The current listings for 'threatened' include Beringia bearded seals, Okhotsk bearded seals, Arctic ringed seals, Okhotsk ringed seals, Baltic ringed seals, southern spotted seals and for 'endangered' the freshwater Lake Ladoga ringed seals.
Below I have provided range maps for Arctic seals along with brief descriptions of their use and dependency on sea ice. The mercury levels in seals is also affected by sea ice extent in an interesting way. (The mercury comes from coal burning and cement manufacture.)
http://www.ncbi.nlm.nih.gov/pmc/articles/PMC2570426/
Posted by: A-Team | January 08, 2013 at 13:39
An also this:
Australia upgrades temperature scale in record heat wave.

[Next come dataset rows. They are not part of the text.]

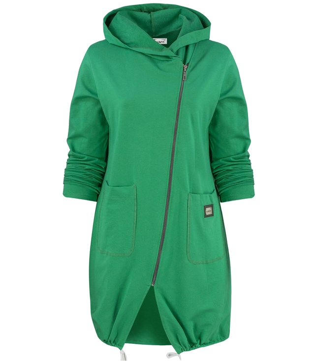 Hanorac lung subțire cu fermoar diagonal și glugă LILIANA
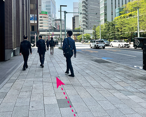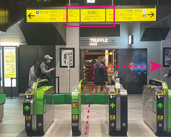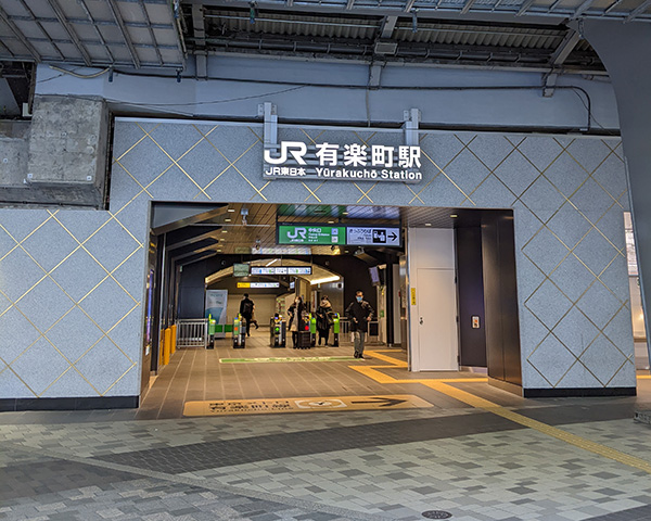 JR有楽町駅中央口出て、JR有楽町駅中央口前をまっすぐ進みます。
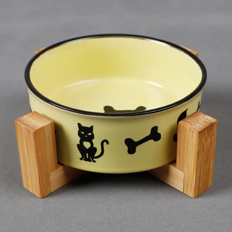 Нескользящие миски для кошек, керамические миски с твердой деревянной подставкой, миски для домашних животных и воды для кошек, кормушки для собак, миски для кошек, товары для домашних животных 10E
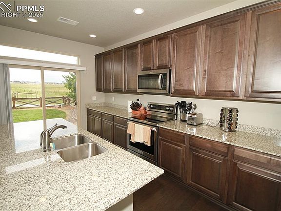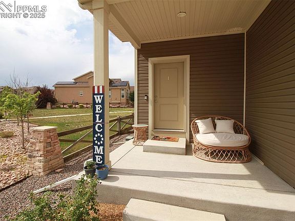 Welcome home to this stunning, like-new two-story gem in the highly desirable Banning Lewis Ranch community! This move-in-ready beauty is filled with natural light and offers the perfect blend of style, comfort, and convenience. The kitchen is a showstopper with gleaming granite countertops, a spacious center island, stainless steel appliances, and 42-inch cabinets with crown molding—providing ample storage and a polished, upscale feel. The open-concept layout flows seamlessly into a bright and airy living room, making it ideal for both everyday living and entertaining. Upstairs, you'll find a spacious primary suite complete with a large walk-in closet and a luxurious en-suite bathroom featuring a double vanity and an oversized walk-in shower. Two additional generously sized bedrooms are located nearby—perfect for guests, family, or your home office. Step outside and enjoy the oversized concrete patio—perfect for relaxing, dining, or hosting gatherings. The fully fenced backyard backs to open space, giving you wide-open views and a rare sense of privacy. The low monthly HOA fee covers access to top-notch amenities including a 24-hour fitness center, indoor and outdoor pools, trash and recycling, a dog park, and year-round community events that make Banning Lewis Ranch feel like a true neighborhood. Don’t miss your chance to call this beautiful home yours—it’s everything you’ve been looking for and more!
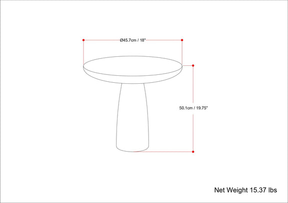 18.0"W x 18.0"D x 19.75"H - 15.4 lb

Extreme temperatures across Australia have forced the government to come up with new colors on its climate map to accommodate the new highs. Central Australia was displayed in purple indicating soaring temperatures of over 50 degrees Celsius next week. The entire country experienced the hottest day on Tuesday, with the average temperature across the country hitting 40.33 degrees.
http://rt.com/news/line/2013-01-08/#id42931
Alex
Posted by: Ac A | January 08, 2013 at 13:51
The Guardian covers the Australian heat story in more detail, 50ºC being 122ºF. Between climate change heating and lack of water, there has been talk for years about Austrailia becoming the first uninhabitable continent.

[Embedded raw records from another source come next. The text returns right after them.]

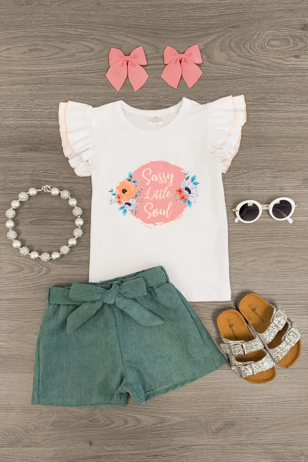Bring on the warmer weather with this "Sassy Little Soul" Ruffle Corduroy Short Set for girls. This top looks adorable paired with the matching teal corduroy shorts. The stretchy waistband helps comfort and fit and can be great for on the go, while the ruffle sleeves on the top keep your little one looking like a dream. The top and shorts can be worn as a set and paired with our or keep it laid back with a pair of , she’ll shine bright in this kids ensemble.
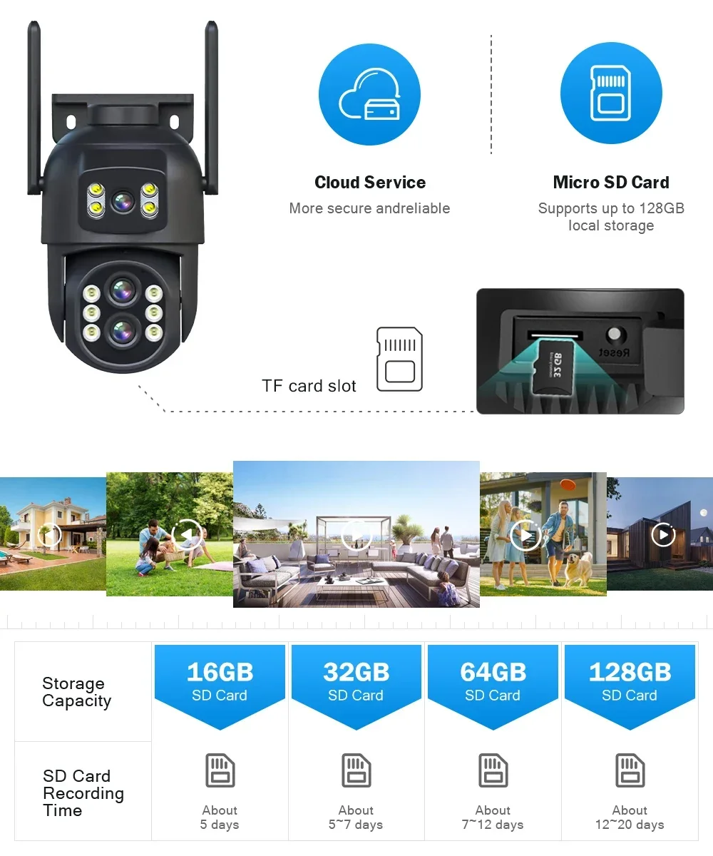 *Built-in SD card slot, thie video surveillance camera support up to 128g Micro SD card (SD card not includeed)
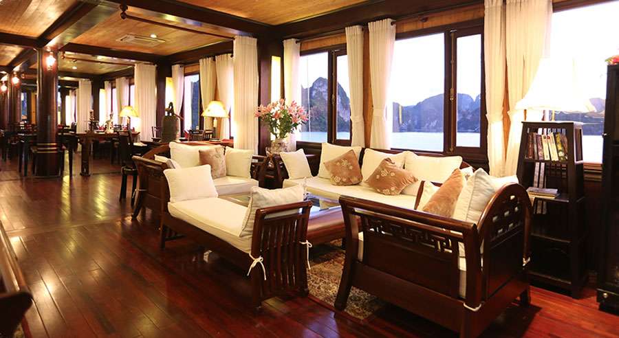 On board, guests can enjoy exceptional dining at the Jasmine Restaurant, serving a selection of authentic Vietnamese cuisine, international dishes, and fine wines. From continental-style breakfasts to leisurely lunches and elegant dinners, each meal is thoughtfully prepared with high attention to detail and service quality.

http://www.guardian.co.uk/environment/damian-carrington-blog/2013/jan/08/australia-bush-fires-heatwave-temperature-scale#
http://www.bom.gov.au/lam/climate/levelthree/c20thc/drought.htm
Posted by: A-Team | January 08, 2013 at 17:27
Christ Alex! You need to post warnings on your links. Oil Drum was perhaps the most depressing thing I've read in weeks.
Posted by: Djprice537 | January 08, 2013 at 20:13
A-Team...very interesting article on the impact on various seal populations from AGW. I actually feel that these kinds of stories play into the hands of the deniers. They are able to characterize scientists as cute little animal lovers and unaware of the issues facing humanity. We need jobs....and oil.....and jobs....and coal....and jobs....and fracking.
Humans are a selfish species. When we talk about the climate impacts on local species survivability, we need to talk only about species that are directly related to humans.
Examples:
Current desertification trends in the U.S. southwest suggest that large grazing areas, currently used to rase most of our beef will shortly be unable to support cattle.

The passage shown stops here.